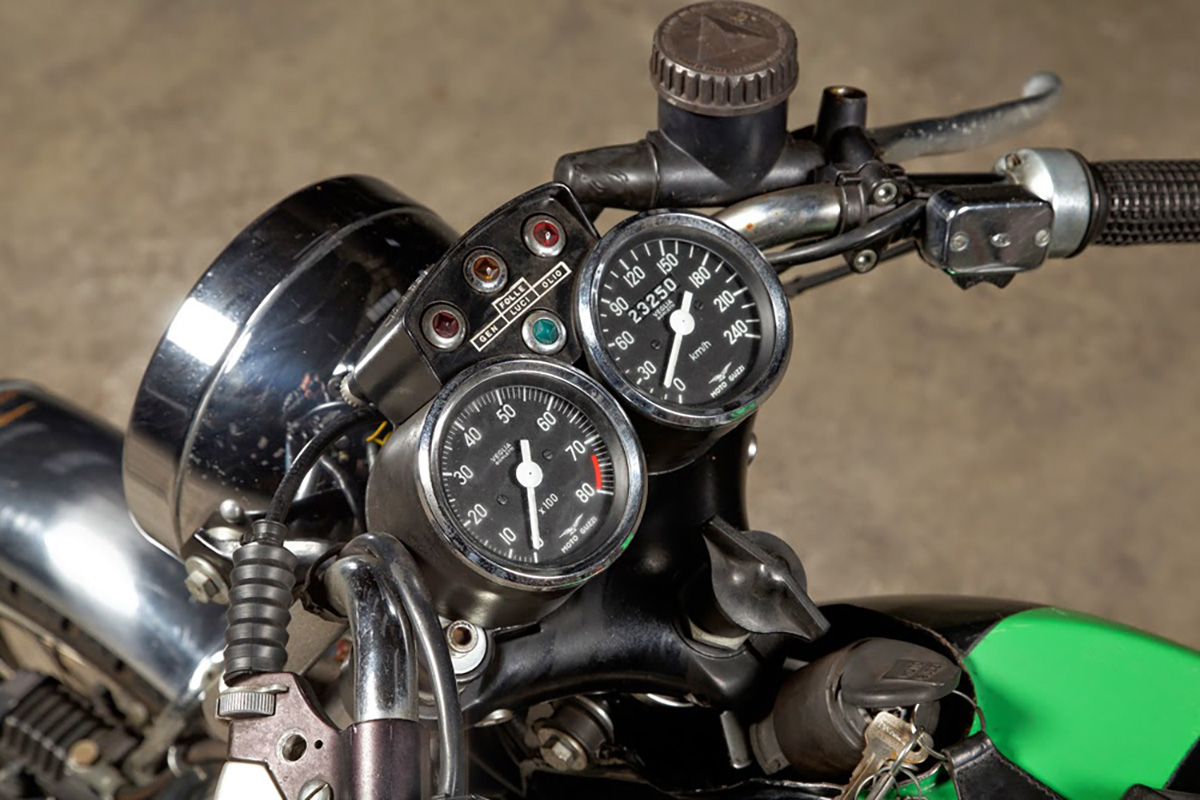 Claro que, em potência pura, não podia fazer frente a uma poderosa CB 750 Four e, menos ainda, a uma Kawasaki Z 900. Porém, a curvar e em estradas mais sinuosas a situação altera-se bastante! Afinal de contas, a Moto Guzzi já produzia motos e estava envolvida na competição bem antes destas suas concorrentes e sabia bem o que andava a fazer!
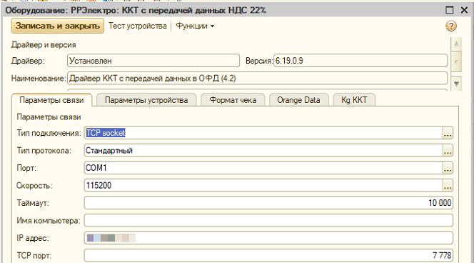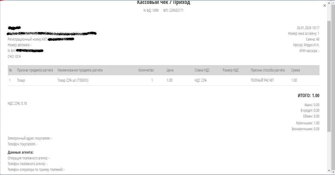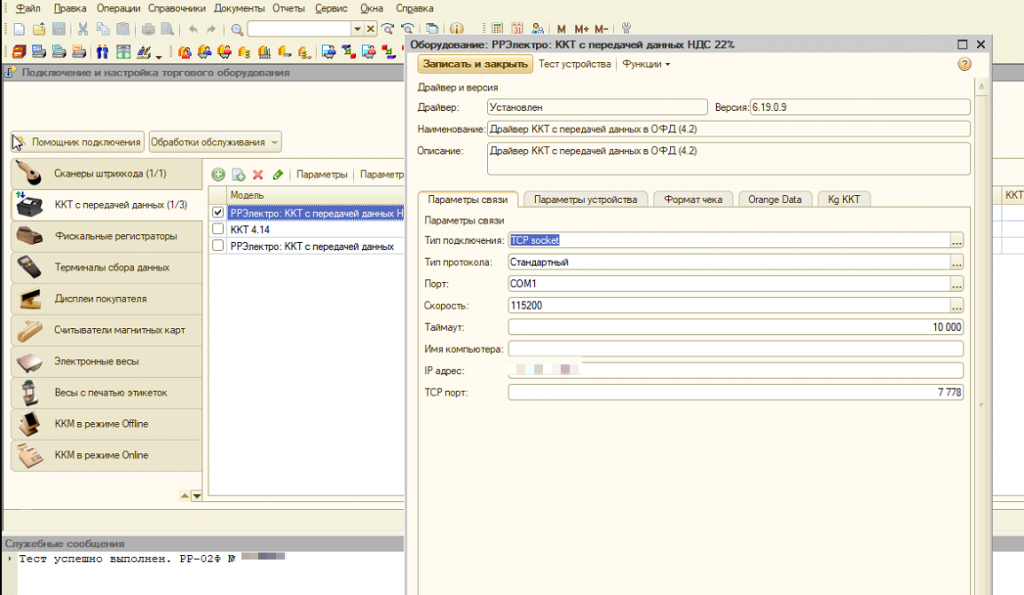 Оборудование проходит тест подключения. Чеки пробиваются и уходят в ОФД.
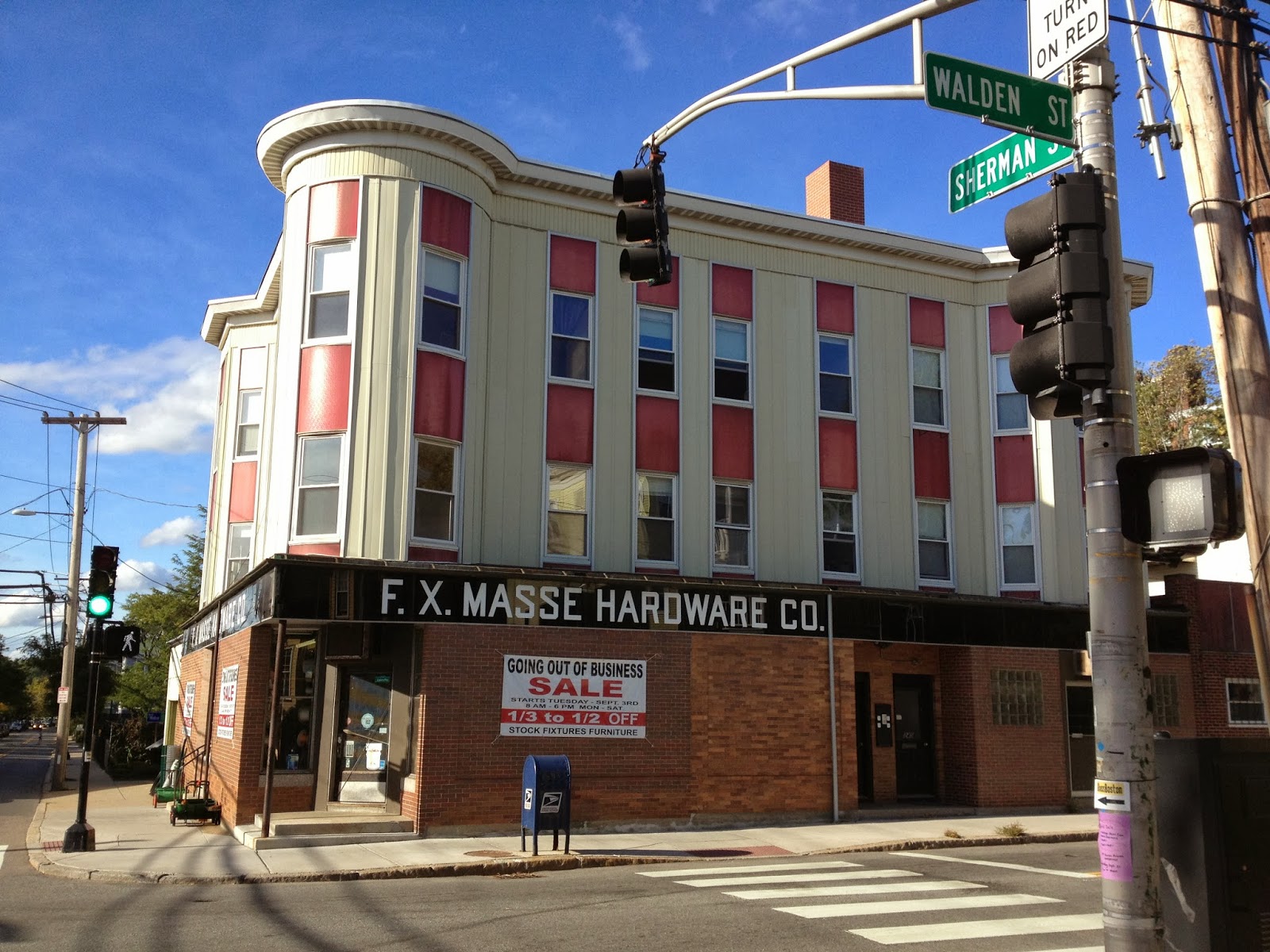 Many locals mourned the loss of F.X. Masse Hardware Co. when the family-owned store, a neighborhood institution since 1888, closed in October 2013. Now, just a year later, the goodwill the Masse family accrued over 125 years in the trade is being tested with plans to develop their two corner lots at the busy intersection of Walden and Sherman Street into a total of 32 apartments. Area residents, many of them loyal Masse’s customers, are upset about third-generation owner David Masse’s plan to convert the former store into a 6-unit building, and to construct a new 26-unit building on the parking lot across the street.
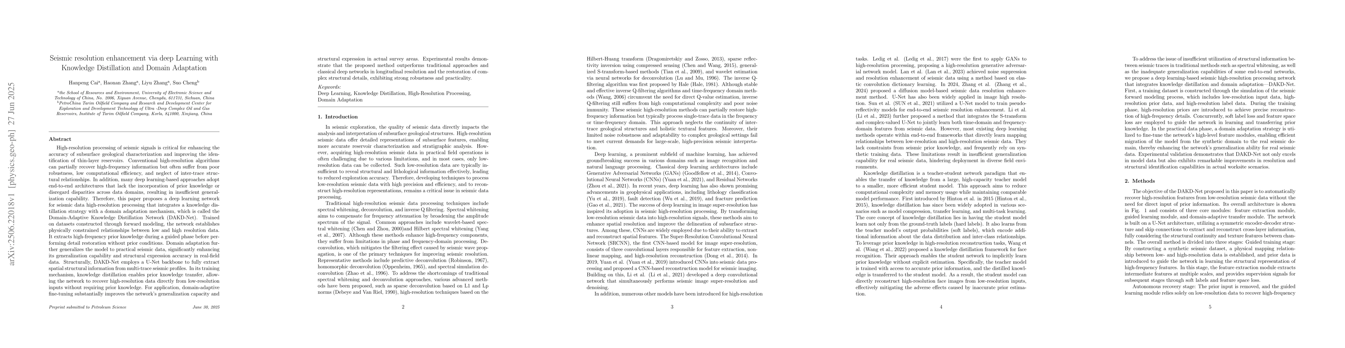 High-resolution processing of seismic signals is crucial for subsurface geological characterization and thin-layer reservoir identification. Traditional high-resolution algorithms can partially recover high-frequency information but often lack robustness, computational efficiency, and consideration of inter-trace structural relationships. Many deep learning methods use end-to-end architectures that do not incorporate prior knowledge or address data domain disparities, leading to limited generalization.To overcome these challenges, this paper presents the Domain-Adaptive Knowledge Distillation Network (DAKD-Net), which integrates a knowledge distillation strategy with a domain adaptation mechanism for high-resolution seismic data processing. Trained on datasets from forward modeling, DAKD-Net establishes physical relationships between low and high-resolution data, extracting high-frequency prior knowledge during a guided phase before detail restoration without prior conditions. Domain adaptation enhances the model's generalization to real seismic data, improving both generalization capability and structural expression accuracy.DAKD-Net employs a U-Net backbone to extract spatial structural information from multi-trace seismic profiles. The knowledge distillation mechanism enables prior knowledge transfer, allowing recovery of high-resolution data directly from low-resolution inputs. Domain-adaptive fine-tuning further enhances the network's performance in actual survey areas. Experimental results show that DAKD-Net outperforms traditional methods and classical deep networks in longitudinal resolution and complex structural detail restoration, demonstrating strong robustness and practicality.
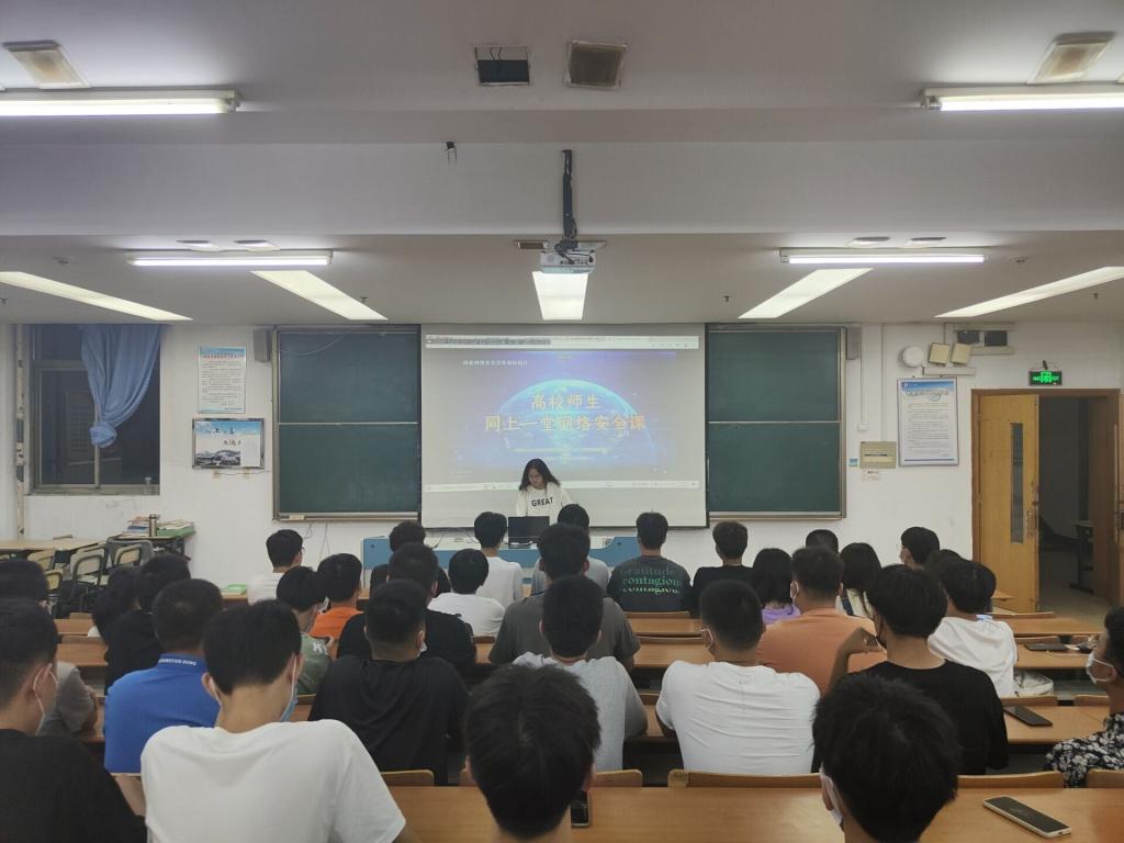 9月11日,组织全体学生观看主题公开课“高校师生同上一堂网络安全课”。课上,主讲老师以案例与法律相结合的方式,深刻剖析了网络安全的基本知识、相关立法及如何防止大学生陷入网络陷阱等问题。
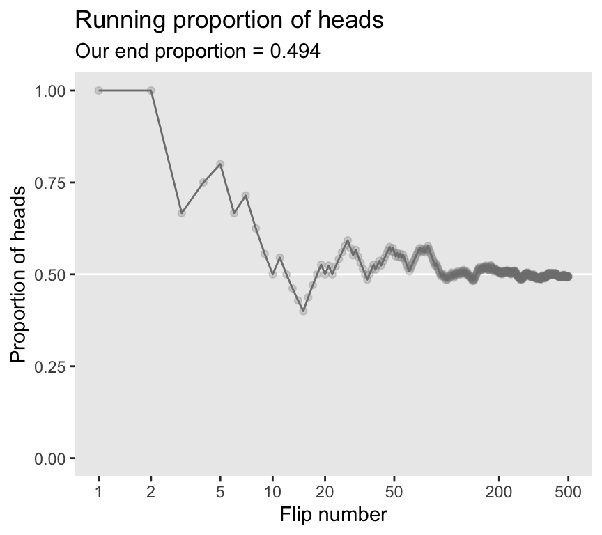 # Here we use that seed to flip a coin n times and compute the running proportion of heads at each flip.
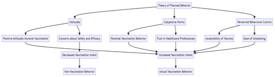 The Theory of Planned Behavior (TPB), developed by Icek Ajzen [12], is a widely used framework for understanding health-related decision-making, including vaccination, as it captures individual cognitive factors and broader social influences. For example, TPB has been used to explain why individuals choose to get vaccinated or avoid vaccination in the context of influenza [13]. According to TPB, vaccination intentions are primarily driven by three key factors: attitude, subjective norms, and perceived behavioral control, each of which is influenced by broader socio-political and economic conditions.

# [HOW TO COMPLETE THIS TASK]
Pictures stay out; everything else in the listing above gets restated word for word.

# [EXERCISE OUTPUT]
 Claro que, em potência pura, não podia fazer frente a uma poderosa CB 750 Four e, menos ainda, a uma Kawasaki Z 900. Porém, a curvar e em estradas mais sinuosas a situação altera-se bastante! Afinal de contas, a Moto Guzzi já produzia motos e estava envolvida na competição bem antes destas suas concorrentes e sabia bem o que andava a fazer!
 Оборудование проходит тест подключения. Чеки пробиваются и уходят в ОФД.
 Many locals mourned the loss of F.X. Masse Hardware Co. when the family-owned store, a neighborhood institution since 1888, closed in October 2013. Now, just a year later, the goodwill the Masse family accrued over 125 years in the trade is being tested with plans to develop their two corner lots at the busy intersection of Walden and Sherman Street into a total of 32 apartments. Area residents, many of them loyal Masse’s customers, are upset about third-generation owner David Masse’s plan to convert the former store into a 6-unit building, and to construct a new 26-unit building on the parking lot across the street.
 High-resolution processing of seismic signals is crucial for subsurface geological characterization and thin-layer reservoir identification. Traditional high-resolution algorithms can partially recover high-frequency information but often lack robustness, computational efficiency, and consideration of inter-trace structural relationships. Many deep learning methods use end-to-end architectures that do not incorporate prior knowledge or address data domain disparities, leading to limited generalization.To overcome these challenges, this paper presents the Domain-Adaptive Knowledge Distillation Network (DAKD-Net), which integrates a knowledge distillation strategy with a domain adaptation mechanism for high-resolution seismic data processing. Trained on datasets from forward modeling, DAKD-Net establishes physical relationships between low and high-resolution data, extracting high-frequency prior knowledge during a guided phase before detail restoration without prior conditions. Domain adaptation enhances the model's generalization to real seismic data, improving both generalization capability and structural expression accuracy.DAKD-Net employs a U-Net backbone to extract spatial structural information from multi-trace seismic profiles. The knowledge distillation mechanism enables prior knowledge transfer, allowing recovery of high-resolution data directly from low-resolution inputs. Domain-adaptive fine-tuning further enhances the network's performance in actual survey areas. Experimental results show that DAKD-Net outperforms traditional methods and classical deep networks in longitudinal resolution and complex structural detail restoration, demonstrating strong robustness and practicality.
 9月11日,组织全体学生观看主题公开课“高校师生同上一堂网络安全课”。课上,主讲老师以案例与法律相结合的方式,深刻剖析了网络安全的基本知识、相关立法及如何防止大学生陷入网络陷阱等问题。
 # Here we use that seed to flip a coin n times and compute the running proportion of heads at each flip.
 The Theory of Planned Behavior (TPB), developed by Icek Ajzen [12], is a widely used framework for understanding health-related decision-making, including vaccination, as it captures individual cognitive factors and broader social influences. For example, TPB has been used to explain why individuals choose to get vaccinated or avoid vaccination in the context of influenza [13]. According to TPB, vaccination intentions are primarily driven by three key factors: attitude, subjective norms, and perceived behavioral control, each of which is influenced by broader socio-political and economic conditions.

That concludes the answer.